- Your assignment
Copy the listing as it is written, and leave each picture out.
[[ Collected data open ]]
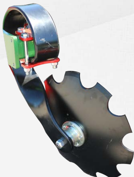
Lame ressort avec des disques de 20"
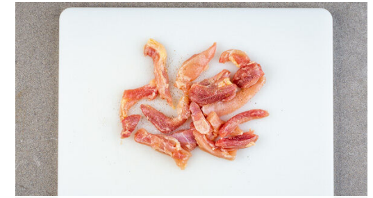
3. Fleisch vorbereiten

Die Pasta in das kochende Wasser geben und in 8-10Min. bissfest kochen. Mit einem Messbecher ca. 150ml Pastawasser abschöpfen, dann die Pasta in ein Sieb abgießen und abtropfen lassen. Anschließend wieder in den Topf geben und abgedeckt warm halten.
[[ Collected data closed ]]
- Task response
Lame ressort avec des disques de 20"
3. Fleisch vorbereiten

Die Pasta in das kochende Wasser geben und in 8-10Min. bissfest kochen. Mit einem Messbecher ca. 150ml Pastawasser abschöpfen, dann die Pasta in ein Sieb abgießen und abtropfen lassen. Anschließend wieder in den Topf geben und abgedeckt warm halten.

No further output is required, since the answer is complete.